CINCINNATI -- Vanderbilt coach Melanie Balcomb has fielded her fair share of questions about coming back to Xavier for the first and second rounds of the NCAA tournament, the same school she led to a regional final in 2001 and at which she won 135 games in seven seasons.
But she had a question of her own about her surroundings as she paused in the middle of a hallway in the Cintas Center after her not-so-new team's first-round win against DePaul on Sunday -- a question indicative of how times passes and just how much both programs involved have moved on.
Namely, Balcomb wanted to know, where the heck was the bathroom in this place?
Figuring out an answer for the quandary posed by twin towers Ta'Shia Phillips and Amber Harris won't be nearly as easy when sixth-seeded Vanderbilt faces the No. 3-seeded Xavier on Tuesday (ESPN2/ESPN360.com, 7:06 p.m. ET).
Balcomb has faced a lot of great one-two combinations over the course of her 16 seasons, including the last eight seasons in the SEC and five trips to the Sweet 16. Yet she hasn't faced many like 6-foot-6 Ta'Shia Phillips, a true back-to-the-basket post, and 6-5 Amber Harris, a unique mix of post size and wing skills. With Xavier in trouble thanks to a rain of 3-pointers from upset-minded East Tennessee State in the opening round, Phillips and Harris combined for 54 points and 29 rebounds and the Musketeers pulled away in the final minutes for a 94-82 victory.
"Our advantage was clearly around the basket today," Xavier coach Kevin McGuff said after the first-round win, "and I thought we did a good job getting them the ball, and they also got it themselves, especially Ta'Shia. She had 13 offensive rebounds, so that's what's supposed to happen this time of year. You got players like that, they should carry you."

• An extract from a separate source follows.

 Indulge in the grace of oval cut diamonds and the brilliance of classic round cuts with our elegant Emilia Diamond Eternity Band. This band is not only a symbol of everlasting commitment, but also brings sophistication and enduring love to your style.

The closest thing Vanderbilt has faced to Phillips and Harris, not to mention April Phillips, in terms of sheer physical presence is Tennessee, with Kelley Cain, Alyssia Brewer and Glory Johnson (the Lady Vols are also slightly bigger across the rest of the court). The Commodores actually held their own on the boards in the first of the three meetings between the two in-state rivals and lost by just seven points. But they were subsequently outrebounded by 11 and 15 in the next two games, respectively, not coincidentally losing by nine and then 19 points.
In other words, the Commodores are equipped to deal with being at a size disadvantage in most games, but even they have their limits.

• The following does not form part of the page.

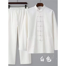 由天丨断码棉麻男装中国风长袖外套男士唐装中老年改良汉服宽松版

Not that Balcomb won't use all of that to any advantage she can. This won't be "win one for coach" as she returns home; it will be "win one because nobody thinks you can" -- just like when the Commodores went to Knoxville and lost the close one.
"This is perfect for me as a coach," Balcomb told reporters during Monday's news conference. "I'm not like a lot of coaches; I like to be an underdog, on somebody else's floor and with a big crowd. As you start recruiting kids and coaching kids, they do reflect their coach, and for us this is a fun situation and all the pressure's off.

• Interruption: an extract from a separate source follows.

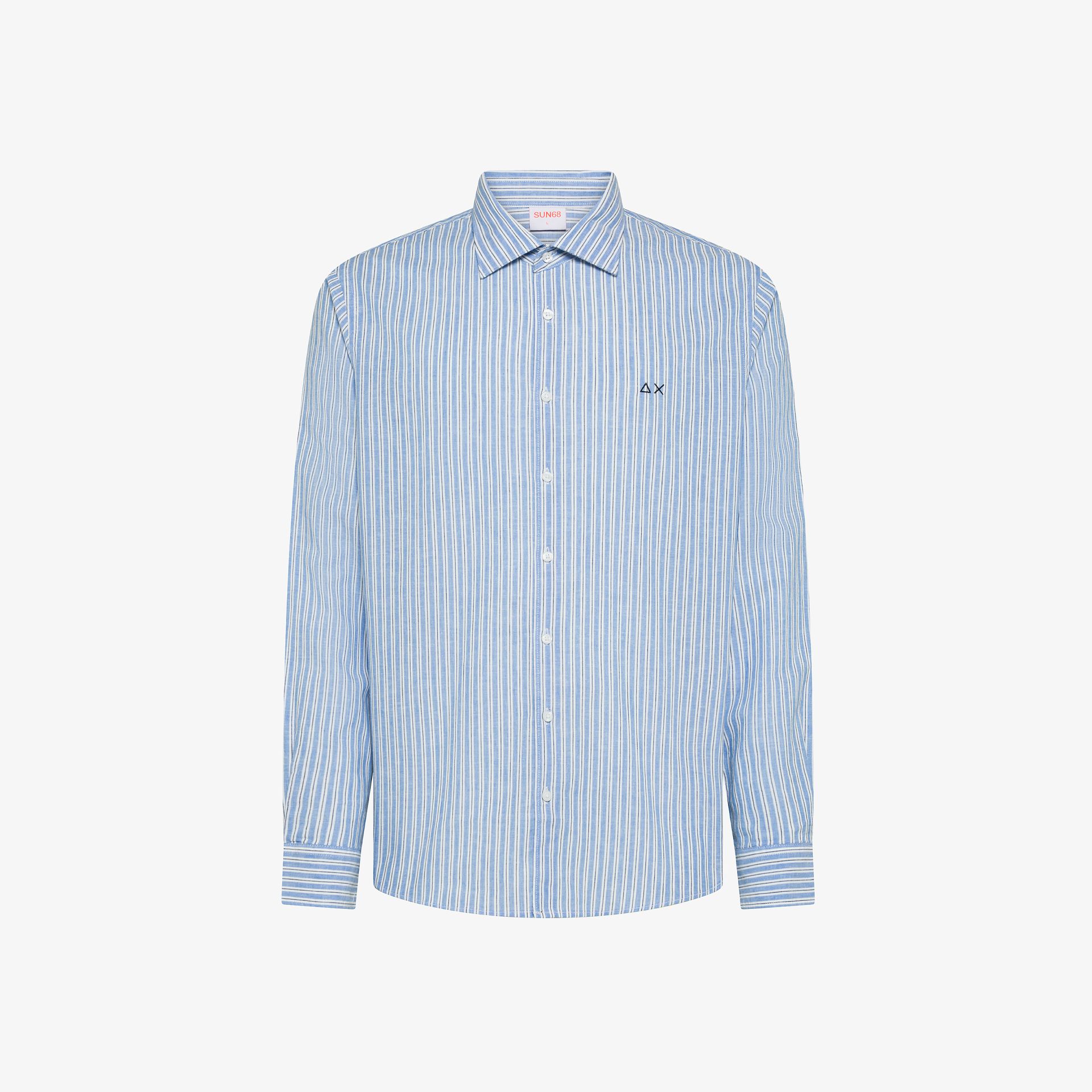 Camicia in lino a righe Colletto alla francese Maniche lunghe Chiusura con bottoni Logo SUN68 ricamato sul petto

When you play at home, you're supposed to win, and we do that a lot at Vanderbilt. We're supposed to win all of our home games, and we win most of them, but that's a lot of pressure. Senior night, we had our worst game of the year; it was a lot of pressure for four seniors on their last home game because we've never lost that before. So to be able to go on someone else's court -- I mean, the best game we played all year was at Tennessee, and that to me is one of the neatest things about sports."